Admit it, you know you want to read this one.


Strings Attached by Judy Blundell (Scholastic, March 1, 2011, for ages 13 and up).

Stunning historical fiction set in 1950.  Kit Corrigan is a triplet. As children, The Corrigan Three were exploited by their widowed father for diaper and baby formula money. When they grew up, Jamie and Muddie tired of singing and dancing in local ads, but Kit was hooked. 

As the story opens, she leaves her siblings, her father, and her soldier boyfriend, Billy (who's about to go to Korea) in Rhode Island and heads to New York City to make it big in show business.  She's 17. She manages to find a job as a chorus girl.  But she can't afford an apartment.  That's when Nate Benedict, Billy's father, offers her one for free.  Are there strings attached?  Everyone else thinks so.  But Kit is innocent.  Even a little naive.

Then there's a murder at the nightclub, a mob-murder that Nate Benedict may be connected to.  And suddenly Kit is in over her head. 

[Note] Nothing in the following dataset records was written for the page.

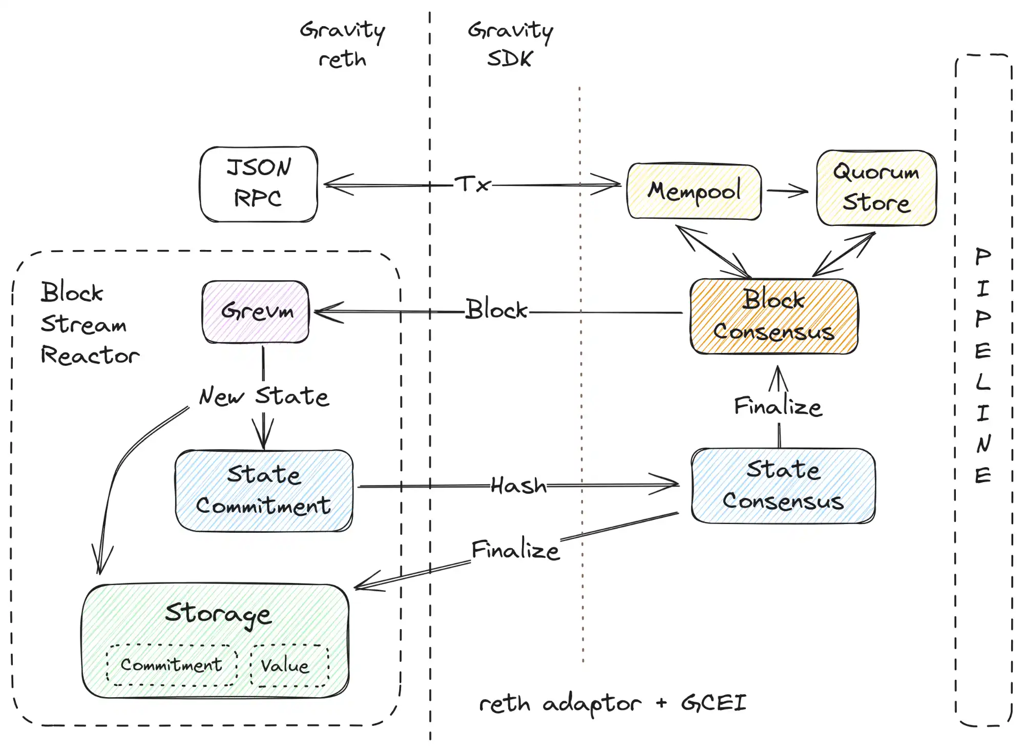 GCEI(Gravity Consensus Execution Interface)协议是共识层与执行层之间的通信桥梁。它规范了两层之间的 交互,确保通过流水线控制器使共识与执行流程保持同步。
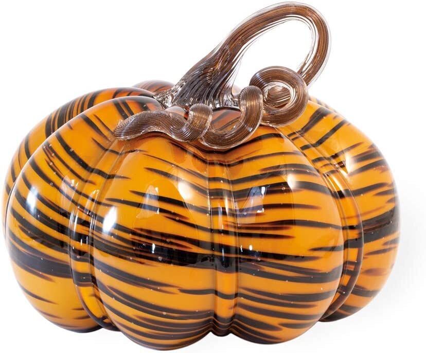 Halloween Holiday CollectionHand Blown Glass PumpkinTiger PrintMaterial: GlassItem #: FEI9307Measures: 9 L X 9 W X 7 H DECORATIVE PUMPKIN: Handblown glass pumpkin crafted with great careDIMENSIONS: Vertical style measures 9-inches in diameter, 7-inches tallARTISAN DETAIL: Orange pumpkin with tiger stripe pattern, accented with coiled stem; dust with a soft clothHARVEST CHARM: Color scheme is ideal for autumn and Thanksgiving decorating; place on a on a shelf, mantel or tabletop surface as part of a centerpiece arrangementCELEBRATE THE HOME: Enhance the beauty of your indoor and outdoor spaces with kitchen, garden, and home decor
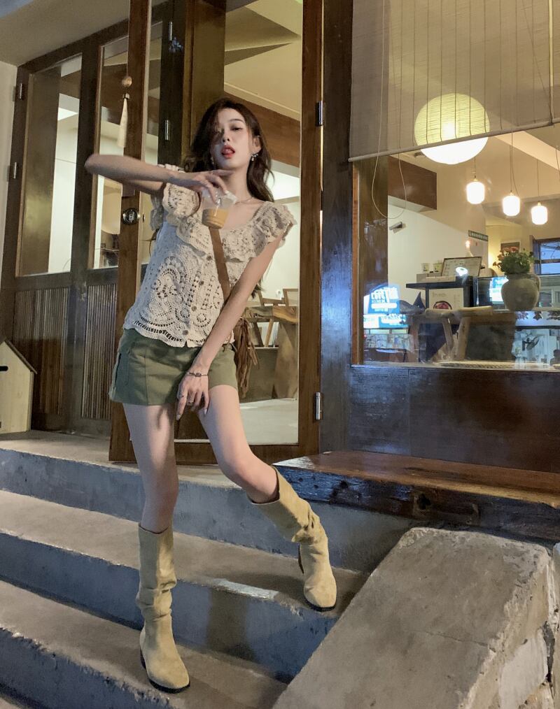 色:アプリコットトップ,アーミーグリーンスカート
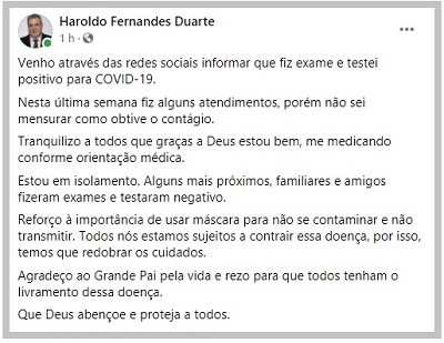 "Tranquilizo a todos que graças a Deus estou bem, me medicando conforme orientação médica", destacou.
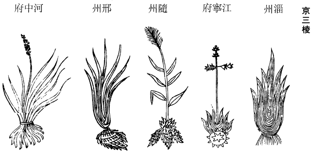 《图经》曰:京三棱,旧不著所出地土,今河、陕、江、淮、荆襄间皆有之。春生苗,高三四尺,似茭蒲叶皆三棱。五六月开花,似莎草,黄紫色。霜降后采根,削去皮、须,黄色,微苦,以如小鲫鱼状体重者佳。多生浅水傍,及陂泽中。其根初生成块,如附子大,或有扁者。傍生一根,又成块,亦出苗,其不出苗,只生细根者,谓之鸡爪三棱。又不生细根者,谓之黑三棱,大小不常,其色黑,去皮即白。河中府又有石三棱,根黄白色,形似钗股,叶绿色,如蒲,苗高及尺,叶上亦有三棱,四月开花,白色,如红蓼花,五月采根。亦消积气。下品别有草三棱条,云生蜀地,即鸡爪三棱也。其实一类,故附见於此。一说,三棱生荆楚,字当作荆,以著其地。《本经》作京,非也。今世都不复有。三棱所用皆淮南红蒲根也,泰州尤多,举世皆用之,虽太医不以为谬。盖流习既久,用根者不识其苗,采药者莫究其用,因缘差失,不复更辨。今三棱,荆襄、江淮水泽之间皆有。叶如莎草,极长,茎三棱如削,大如人指,高五六尺,茎端开花,大体皆如莎草而大,生水际及浅水中。苗下即魁,其傍有根横贯,一根则连数魁,魁上发苗。采时断其茎及横根,形扁长如鲫鱼者,三棱也。根末将尽,一魁未发苗,小圆如乌梅者,黑三棱也。又根之端钩屈如爪者,即鸡爪三棱。皆皮黑肌白而至轻。三者本一物,但力有刚柔,各适其用。因其形为名,如乌头、乌喙,云母、云华之类,非两物也。今人乃妄以凫茨、香附子为之。又《本草》谓京三棱,形如鲫鱼,黑三棱如乌梅而轻。今红蒲根至坚,重刻削而成,莫如形体。又叶扁茎圆,不复有三棱处,不知何缘名三棱也。今三棱皆独傍引二根,无直下根。其形大体多亦如鲫鱼。
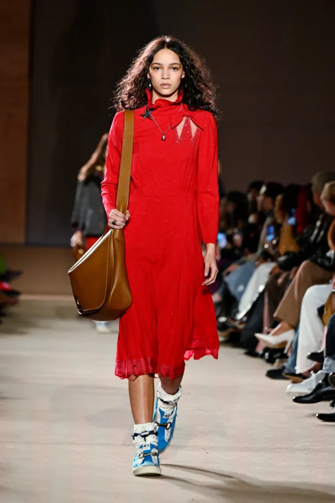 Sustainability remained embedded in the process. “The runway is a laboratory,” Vevers said, describing experiments that may not all reach production but seed broader ideas. At Coach, upcycling isn’t aesthetic garnish; it’s structural. Even the bags nodded to Americana ephemera, including designs crafted from repurposed baseball gloves.
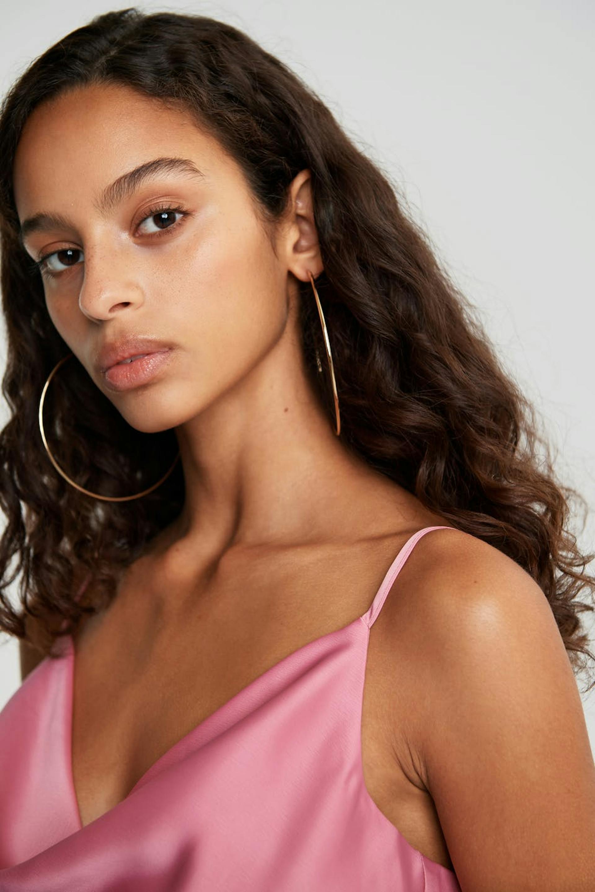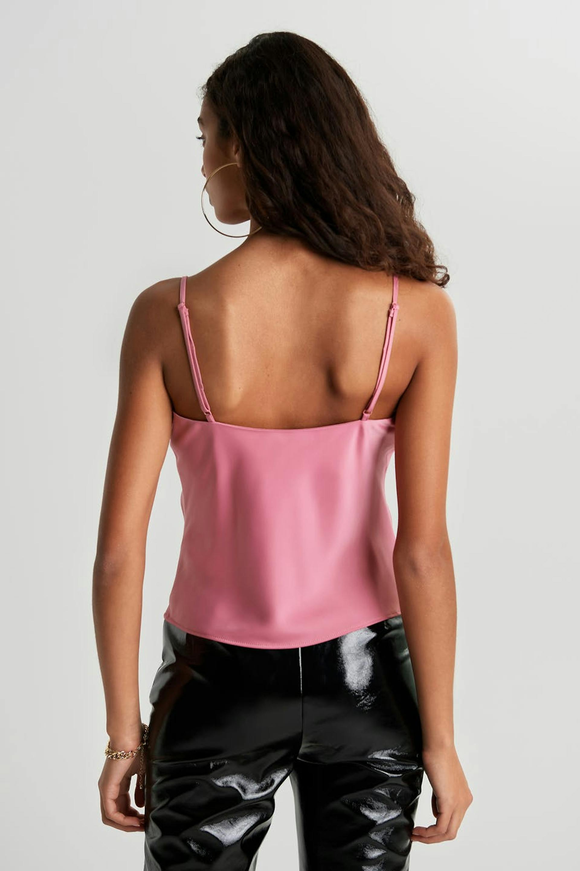 Tank with a regular fit. The tank is perfect for the party and pink and has thin, adjustable shoulder straps. It has a draping design on the neckline.
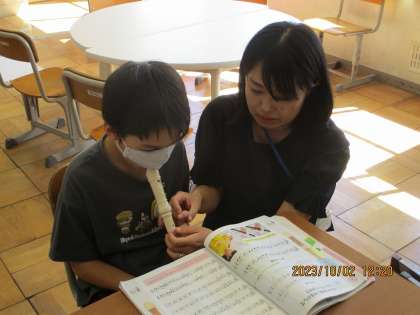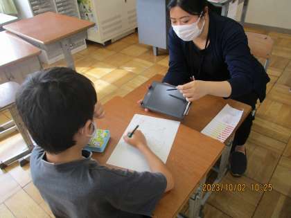 1枚目は、日本語の先生と一緒に、カタカナを書く練習をしています。
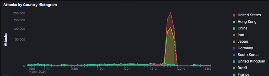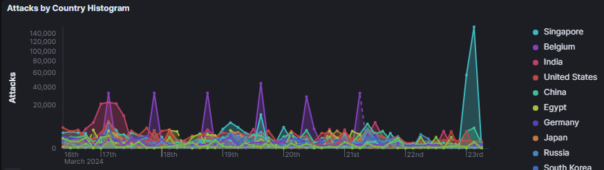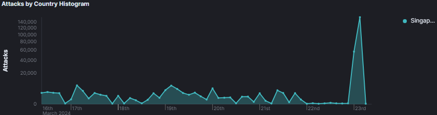 On the morning of the 23rd (JST), there was a sharp increase in accesses from Singapore, to port 22.
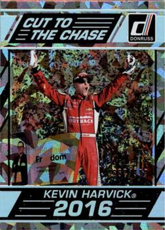 The Kevin Harvick 2017 Donruss NASCAR #CC2 Cut to the Chase Cracked Ice /999 card is 1 of 109 Kevin Harvick's card variations in the 2017 Donruss NASCAR set being tracked by Sports Card Investor, including #4 Base, #40a Base, #40b Base, #92 Base, and #101 Base.
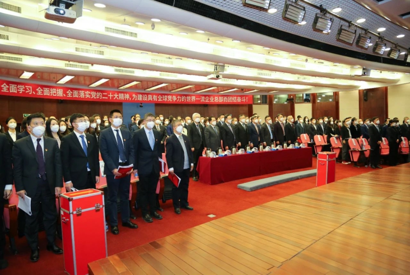 总部机关党委书记刘祖晴代表集团总部机关党委作了题为《全面学习、全面把握、全面落实党的二十大精神 为建设具有全球竞争力的世界一流企业总部而团结奋斗》的工作报告。
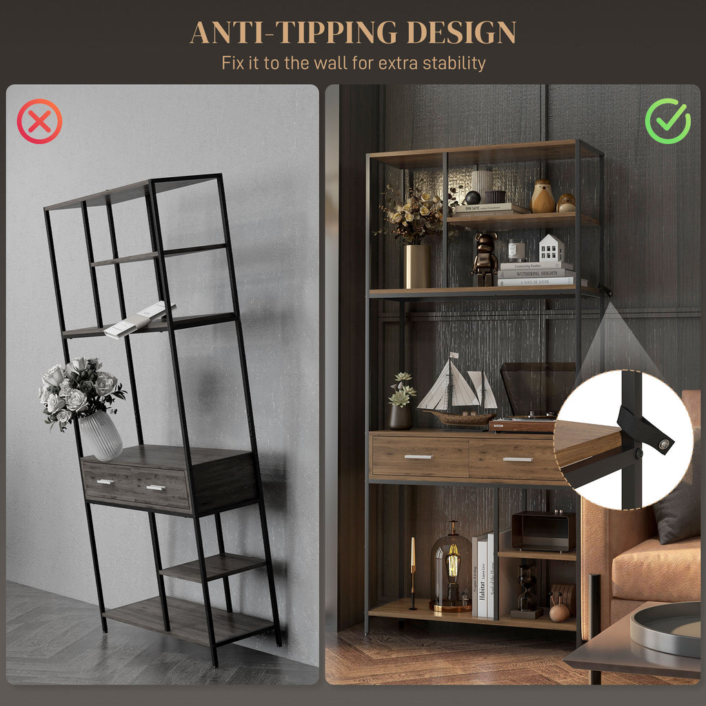 That gentle touch of character into your home, plus plenty of storage, with thanks to this shelving unit. With a black frame and wood-effect panels, this bookshelf adopts a cool industrial look - an eye-catching piece. It comes with seven mixed-size shelves, plus two drawers - a mixed of open display and hidden storage for plenty of different options. A powder coated metal frame for a strong core: attach the shelf unit to a wall with the anti-tipping straps for ultimate safety.

Although it's not an easy read (chapters go back and forth in time and you really must pay attention), this mystery has a classy, noir feel, similar to What I Saw and How I Lied, Blundell's previous YA novel.  These books remind me of Bogart and Bacall movies. 

Like Mandarin by Kirsten Hubbard (Delacorte Press, March 8, 2011, for ages 14 and up).

Would you be truly happy if you were someone else?  Or somewhere else?

Everyone in Grace Carpenter's small-town high school wants to be like Mandarin Ramey.  She's beautiful.  And she's a free spirit who does exactly what she wants.  The rumor is that she sleeps around with older men.  Everyone is in awe of her.

A smart, unpopular girl like Grace could never be friends with Mandarin.  Or could she?  When a teacher assigns Grace to help Mandarin figure out her senior service project, Grace discovers a Mandarin that none of the other kids see.  Mandarin loves beauty and nature, and dreams of getting out of their tiny Wyoming town and being famous.  An unlikely friendship blossoms and the two girls  make a pact to run away.  But Grace worries that Mandarin isn't telling her the truth.

A searingly honest look at high school friendships and betrayal and learning to like yourself before you can like anyone else.  Exquisite detail makes you feel you're right there in Wyoming, with the wildwinds and the dust.  Serious in tone, with occasional flashes of humor, this is definitely worth reading.

What YA books are you looking forward to reading this spring?  Which ones have you read recently that you absolutely love?